The email saga added to voters’ long-held impression that Clinton isn’t “honest and trustworthy,” and it exposed her to attacks from adversaries on the right. The highly conservative advocacy group Judicial Watch has continually called attention to the issue, forcing the disclosure of emails that Clinton hadn’t turned over to the State Department. (The FBI found nearly 15,000 emails on Clinton’s server that she hadn’t provided.) Numerous as-yet-undisclosed emails with the potential to damage Clinton may well be released before the election.

While FBI Director James Comey decided not to recommend prosecution of Clinton for the email issue, he hurt her campaign by commenting that she’d been “extremely careless.” In any case, the choice not to prosecute had Republicans and conservative commentators howling that she’d received preferential treatment from the Democratic administration. Polls showed that 56 percent of respondents agreed that Clinton should have been prosecuted.

A new issue for Clinton arose in August, when the Associated Press reported that numerous donors to the Clinton Foundation had received special treatment by the State Department during Clinton’s tenure there, mainly by winning an appointment with her. But many of these people would have received an appointment anyway; and there is no evidence that State Department policies were changed as a result.

Meanwhile, the Washington Post has begun to report on questionable -- possibly illegal -- expenditures by Trump’s own charitable foundation. Trump, who hadn’t donated to his foundation since 2008, subsequently used its funds to buy personal items (including a nearly 2-meter portrait of himself) and to pay legal settlements. Previously, it had also been disclosed that funds from the Trump Foundation had been used to contribute to the election campaigns of attorneys general in Florida and Texas, which would also be illegal.

Finally, Clinton had the bad luck of falling ill, with cellphone video showing her nearly collapsing as she left early a ceremony in New York City commemorating the Sept. 11, 2001, terrorist attack. This added further fuel to right-wing media speculation that she is in poor health; Trump added the sexist charge that she lacks the “stamina” to be president.
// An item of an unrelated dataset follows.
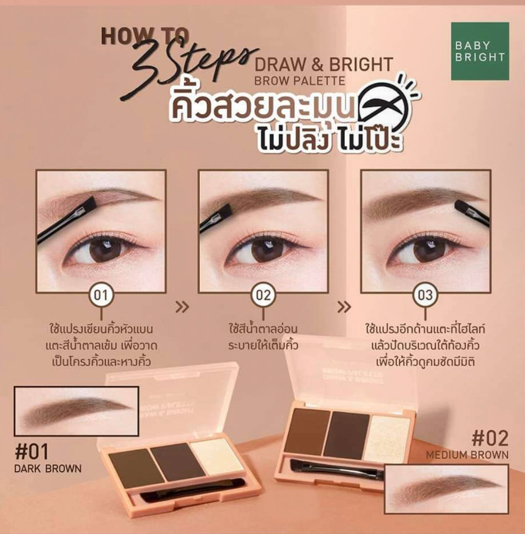 How to use: Open the product cap. Use the flat end of the eyebrow brush to apply a dark brown color. To draw the outline of the eyebrows and the tail of the eyebrows Then use a light brown color to paint it all over. Use the other side of the brush to dab an appropriate amount on the brow highlighter. Then brush the area under the brow to make the eyebrows look sharper and more dimensional. Close the cap tightly after every use.
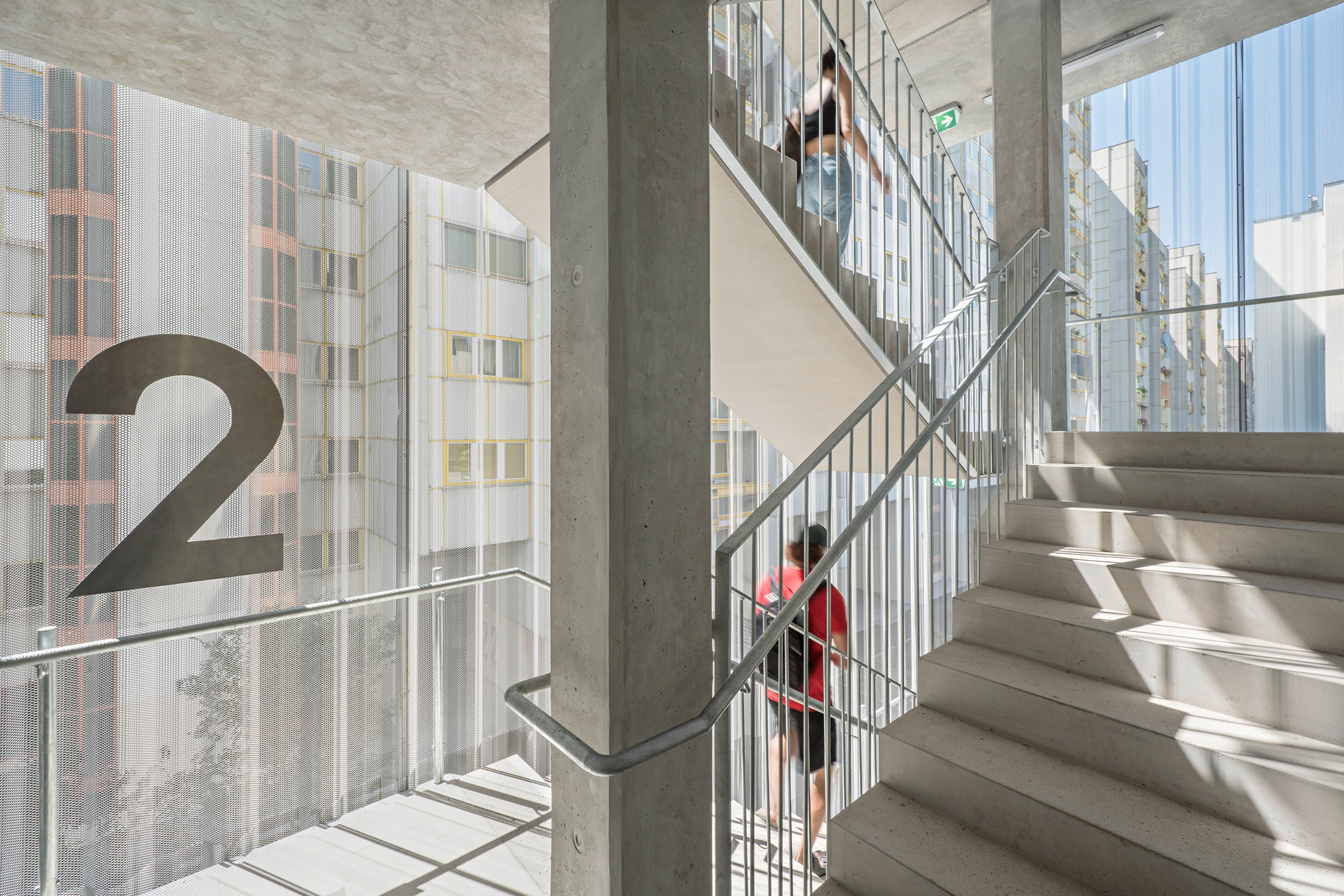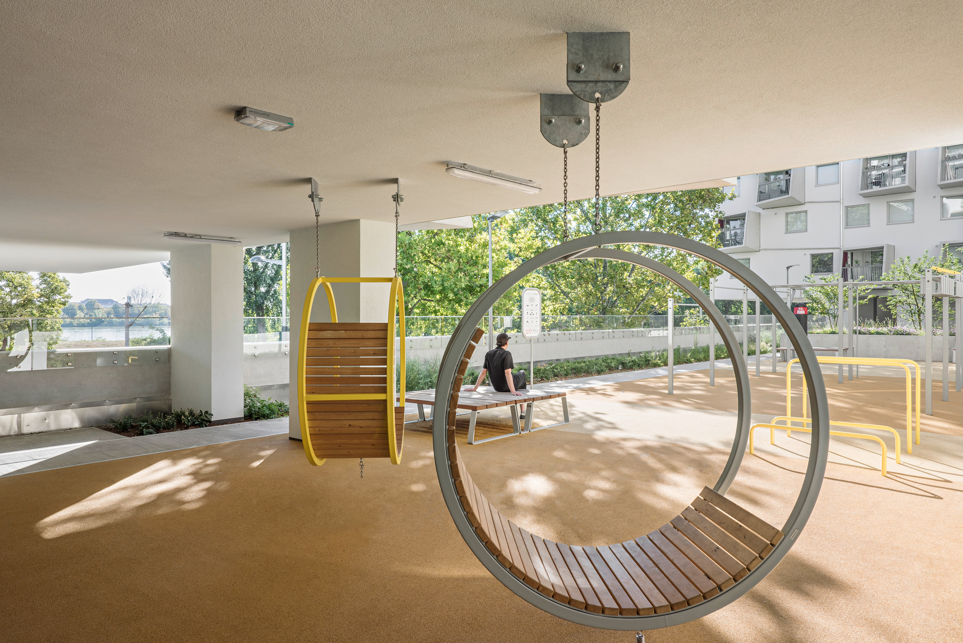 Der auf den Garagendächern hinzugewonnene gemeinsame Freiraum funktioniert als fünfte Fassade und lädt neue wie bisherige Nutzer:innen zum Verweilen, Gärtnern und Trainieren ein. Die Gemeinschaftsräume auf derselben Ebene (Waschküche, Kinderspielraum, Räume ohne vordefinierte Nutzung) lassen sich über großzügige Verglasungen zum Gartendeck hin öffnen. Mit Außentreppen sind sie an die aufgewertete Wohngasse zwischen Bestands- und Neubau angebunden und bieten eine Reihe von kommunikativen Aufenthaltszonen für alle Bewohner:innen.

After initially claiming exhaustion, Clinton’s camp revealed that she had been diagnosed with pneumonia two days earlier. Much of the press was furious that she had not shared the information sooner. But American presidential elections are brutal marathons, and it’s understandable that she did not want to cancel planned events. A later poll showed that the majority of the public agreed.

Clinton’s four-day convalescence came just as she was preparing to make the case for why people should vote for her, rather than why they shouldn’t vote for Trump. Just as she resumed campaigning, there were bombings in New York and New Jersey, and two more police shootings of unarmed African-Americans, which spurred demonstrations in North Carolina, a swing state. The events took over the national dialogue, with Trump, as usual, playing on racial divisions and blaming Obama and Clinton.

This is the background against which the candidates headed into face-to-face debates, which tend to play a large (even excessive) role in shaping US elections. It would be unwise to call this election over before it is.

By Elizabeth Drew

Elizabeth Drew is a regular contributor to the New York Review of Books. -–Ed.